# [WORK INSTRUCTION]
Could you retype exactly the lines below between the one holding "Cupcake con glaseado" and the one holding "Kawaii Asymmetrisches Schulter", inclusive, leaving out any pictures?

# [DATA FOR ANALYSIS]
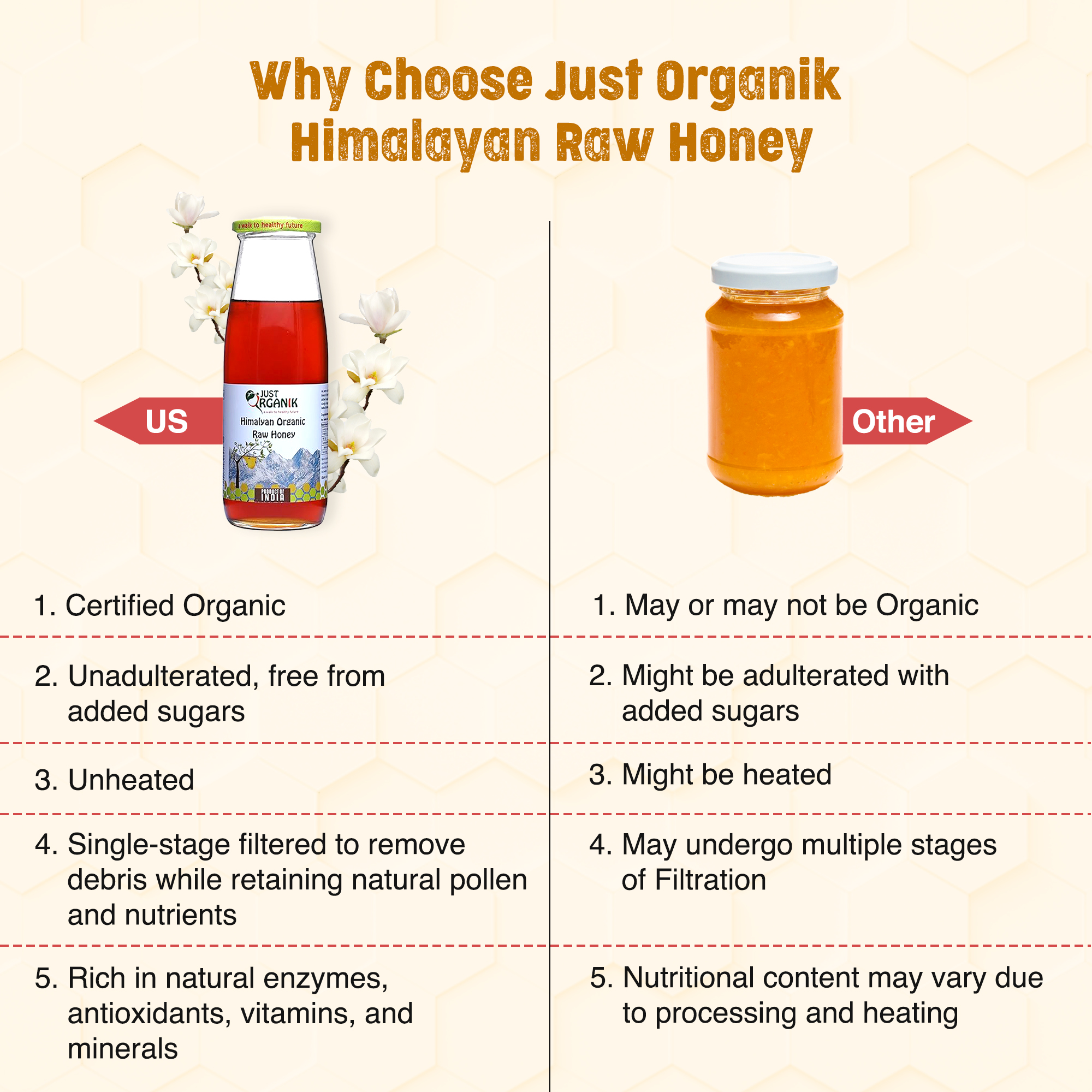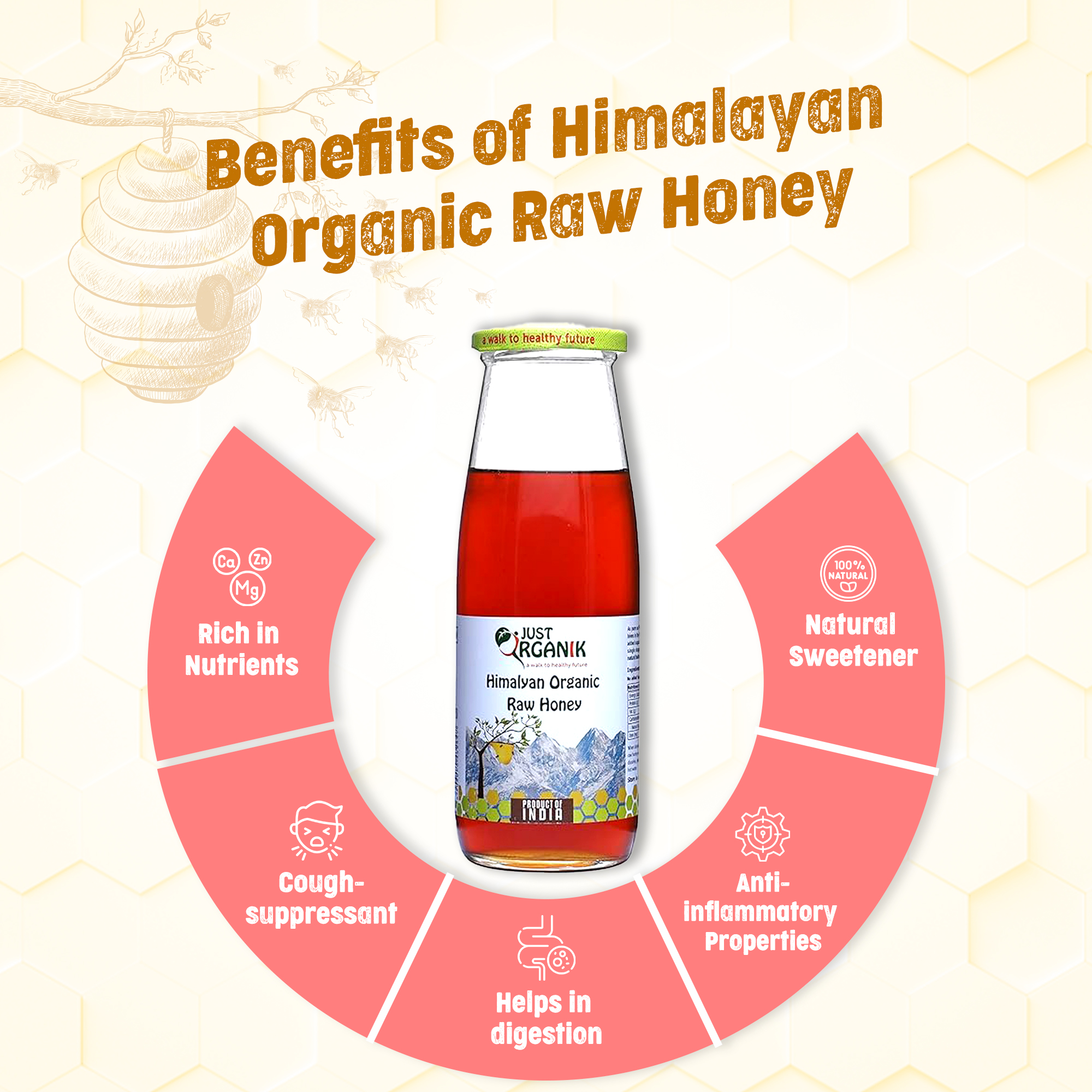 - Just Organik Raw Honey sourced from Uttarakhand is a pure and natural sweetener harvested from the pristine landscapes of the region. This raw honey is free from additives and artificial processing, preserving its authentic taste and nutritional goodness, perfect for adding a touch of natural sweetness to your favorite recipes and beverages.
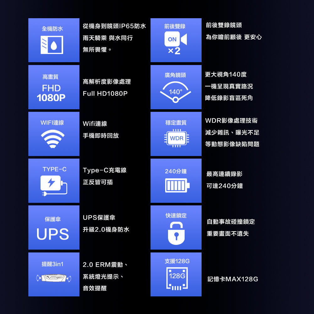 • 全機IP65防塵防水,雨天騎乘無所畏懼
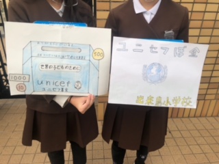 ユニセフ募金は淀中学校校区の学校が共同で行っています。(出来島小学校、川北小学校)
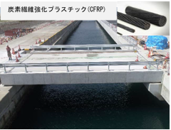 | PCホロー桁の施工状況(右上:CFRP) | リプレイサブル桟橋の施工状況 |
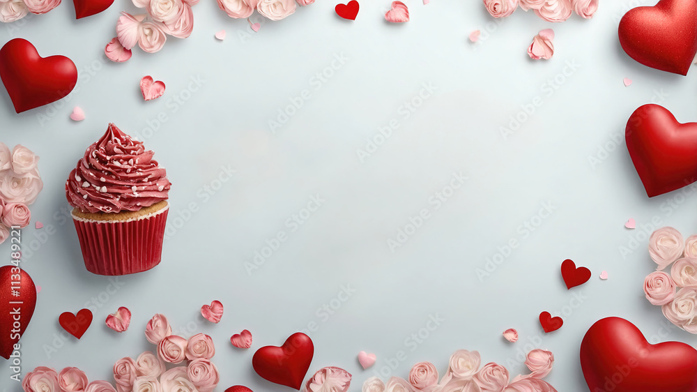 Cupcake con glaseado rosa y decoración de corazones sobre fo Wallpaper
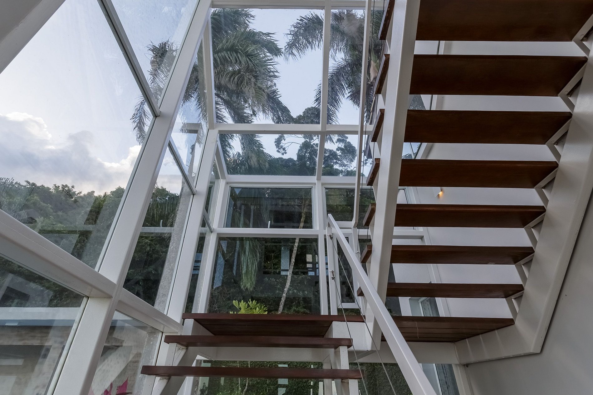 Ter o mar como companhia constante, as montanhas, a floresta e o céu azul deslumbrante e o mais lindo do mundo, tornam esta casa numa quimera. Abusa dos vidros para reverenciar este cenário.
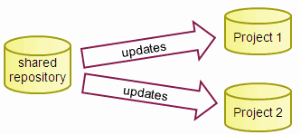 Models are created in a single repository. They are then used in projects, each of which results in creation of a repository.
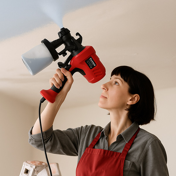 La boquilla especial produce una fina niebla de pintura que se asienta uniformemente, sin rayas ni parches. La herramienta crea la sensación de que cada zona se pinta sola «como debe ser», sin importar el material, la experiencia del usuario o la dirección del movimiento.
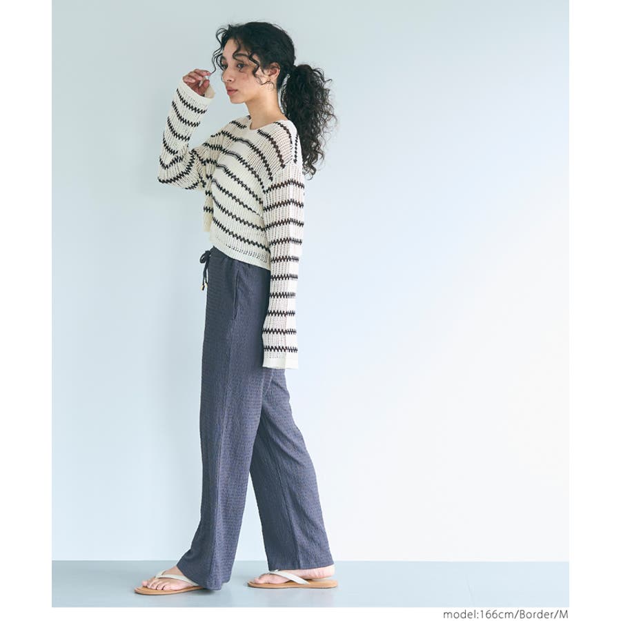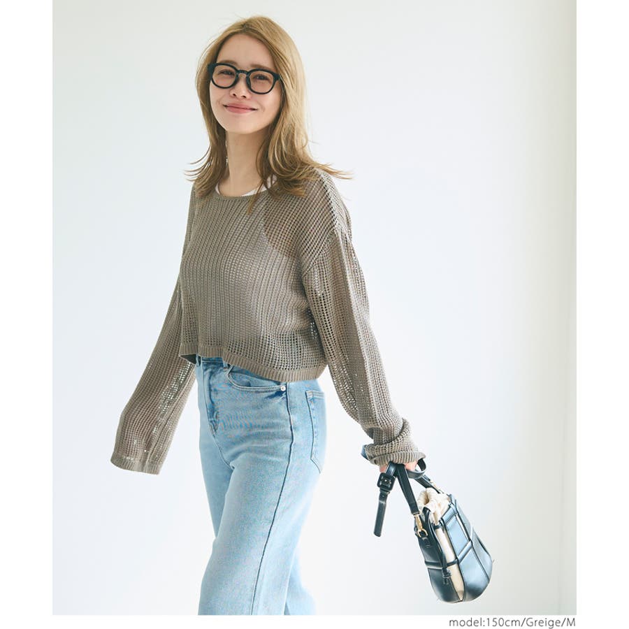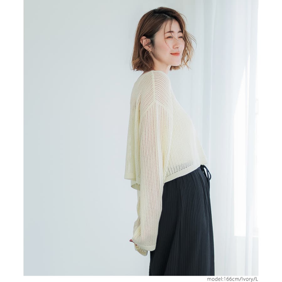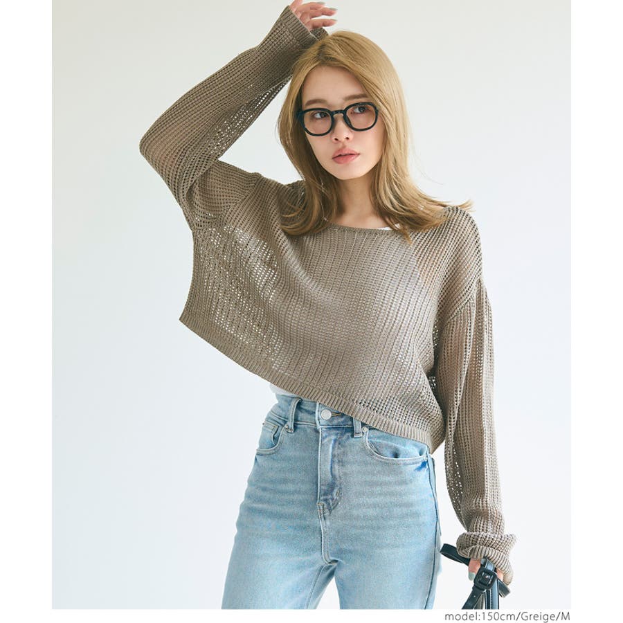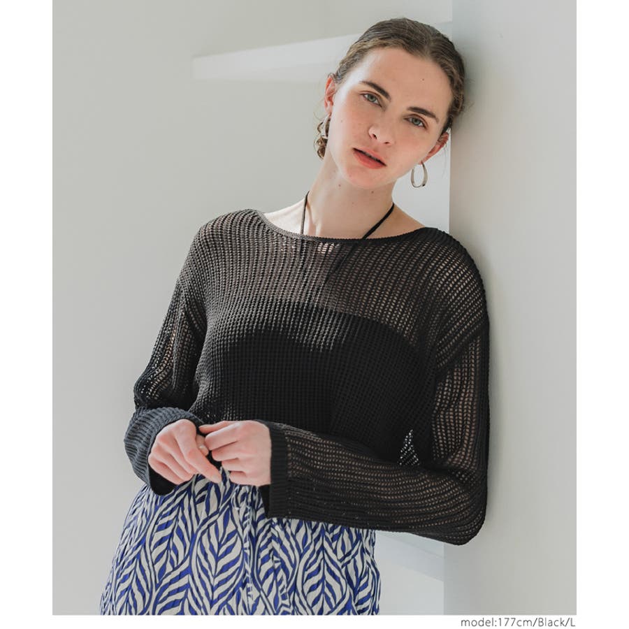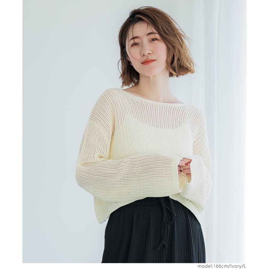 軽やかな透かし編みが涼しげで、春夏にぴったりのニットトップス
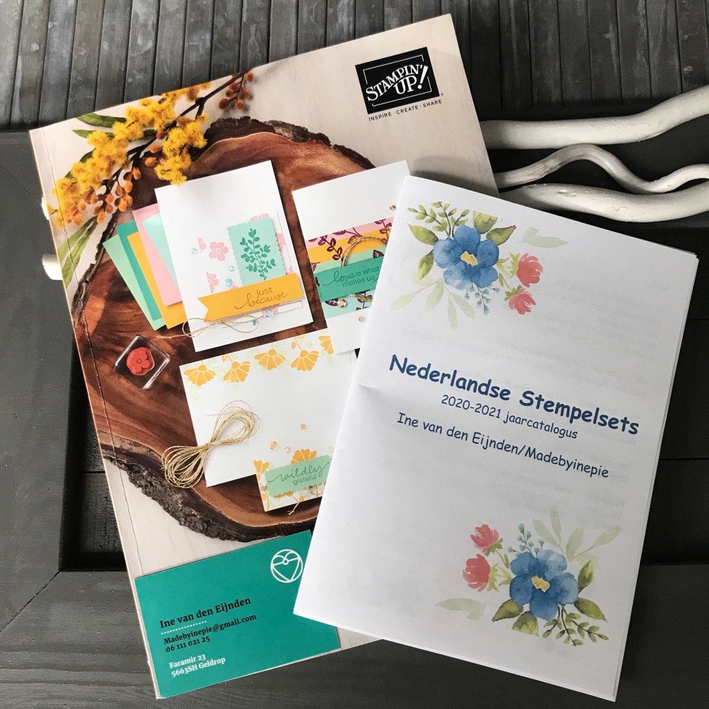 Over Nederlandse teksten gesproken, mocht je bij mij het afgelopen jaar een bestelling hebben geplaatst krijg je van mij de nieuwe catalogus thuis gestuurd plus een brochure waar alle 14(!) Nederlandse stempelsets in staan. De catalogussen moeten wij zelf betalen en daarom kan ik ze niet meer gratis aan iedereen weggeven want de Coronatijd heeft mij ook veel inkomsten gekost omdat mijn maandelijkse Koffie en Kaart middagen, mijn workshops en Kaartenbuffets niet door konden gaan. Doe je bij mij een bestelling van minimaal € 25,00 dan krijg jij de brochures ook gratis thuis gestuurd. Wil je (nog) geen bestelling doen dan betaal je € 5,95 voor de catalogussen inclusief verzendkosten. Doe je hierna toch een bestelling van € 25,00 of meer dan trek ik die € 5,95 er weer vanaf. Graag even mailen of je een catalogus wilt ontvangen op madebyinepie@gmail.com
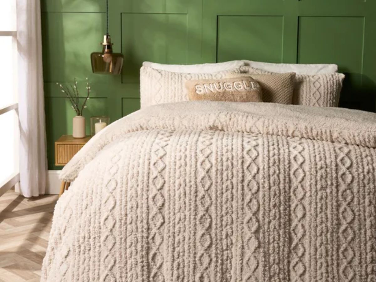 The Cable Knit Fleece Duvet Cover Set has up to 44% off, so you can buy the single for £14.99, the double for £26.99 or the king for £32.99.
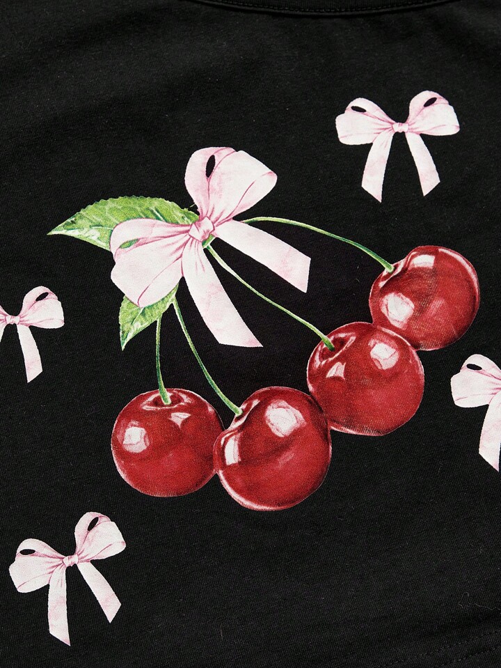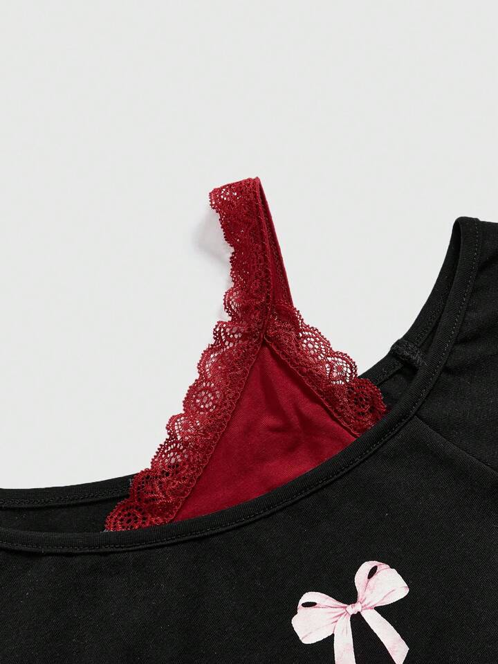 Kawaii Asymmetrisches Schulter T-Shirt mit Spitzenbesatz, Kirsch- und Schleifen-Muster, Schule
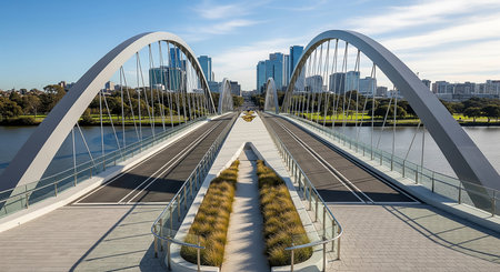 A sleek modern bridge showcases innovative architecture in an urban environment. The image captures leading lines and a serene atmosphere under a cloudy sky.
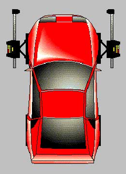 conducción de un vehículo. Las cuatro ruedas paralelas entre sí y a su vez paralelas a la línea central del vehículo, el centro o mitades de los ejes concuerda con el centro del vehículo, el mecanismo de dirección y el volante, perfectamente centrados. Volver al indice del tema. |
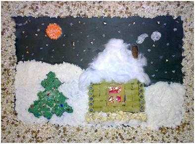 Зимний домик отделайте ватой и на сложных аппликациях, которые выполняются с детьми в подготовительной группе. Такие работы предполагают использование разнообразных текстур (макароны или крупы, мелкой стеклянной крошки):
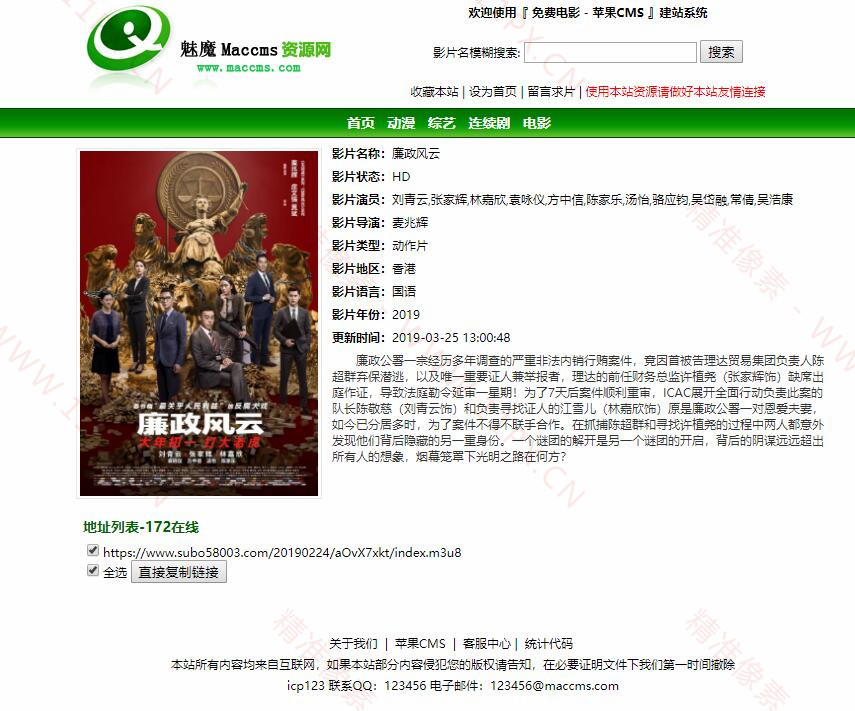 2.登陆苹果cms后台-系统管理-当前使用模板-替换新模板v10011

# [ANSWER FOR THIS EXERCISE]
 Cupcake con glaseado rosa y decoración de corazones sobre fo Wallpaper
 Ter o mar como companhia constante, as montanhas, a floresta e o céu azul deslumbrante e o mais lindo do mundo, tornam esta casa numa quimera. Abusa dos vidros para reverenciar este cenário.
 Models are created in a single repository. They are then used in projects, each of which results in creation of a repository.
 La boquilla especial produce una fina niebla de pintura que se asienta uniformemente, sin rayas ni parches. La herramienta crea la sensación de que cada zona se pinta sola «como debe ser», sin importar el material, la experiencia del usuario o la dirección del movimiento.
 軽やかな透かし編みが涼しげで、春夏にぴったりのニットトップス
 Over Nederlandse teksten gesproken, mocht je bij mij het afgelopen jaar een bestelling hebben geplaatst krijg je van mij de nieuwe catalogus thuis gestuurd plus een brochure waar alle 14(!) Nederlandse stempelsets in staan. De catalogussen moeten wij zelf betalen en daarom kan ik ze niet meer gratis aan iedereen weggeven want de Coronatijd heeft mij ook veel inkomsten gekost omdat mijn maandelijkse Koffie en Kaart middagen, mijn workshops en Kaartenbuffets niet door konden gaan. Doe je bij mij een bestelling van minimaal € 25,00 dan krijg jij de brochures ook gratis thuis gestuurd. Wil je (nog) geen bestelling doen dan betaal je € 5,95 voor de catalogussen inclusief verzendkosten. Doe je hierna toch een bestelling van € 25,00 of meer dan trek ik die € 5,95 er weer vanaf. Graag even mailen of je een catalogus wilt ontvangen op madebyinepie@gmail.com
 The Cable Knit Fleece Duvet Cover Set has up to 44% off, so you can buy the single for £14.99, the double for £26.99 or the king for £32.99.
 Kawaii Asymmetrisches Schulter T-Shirt mit Spitzenbesatz, Kirsch- und Schleifen-Muster, Schule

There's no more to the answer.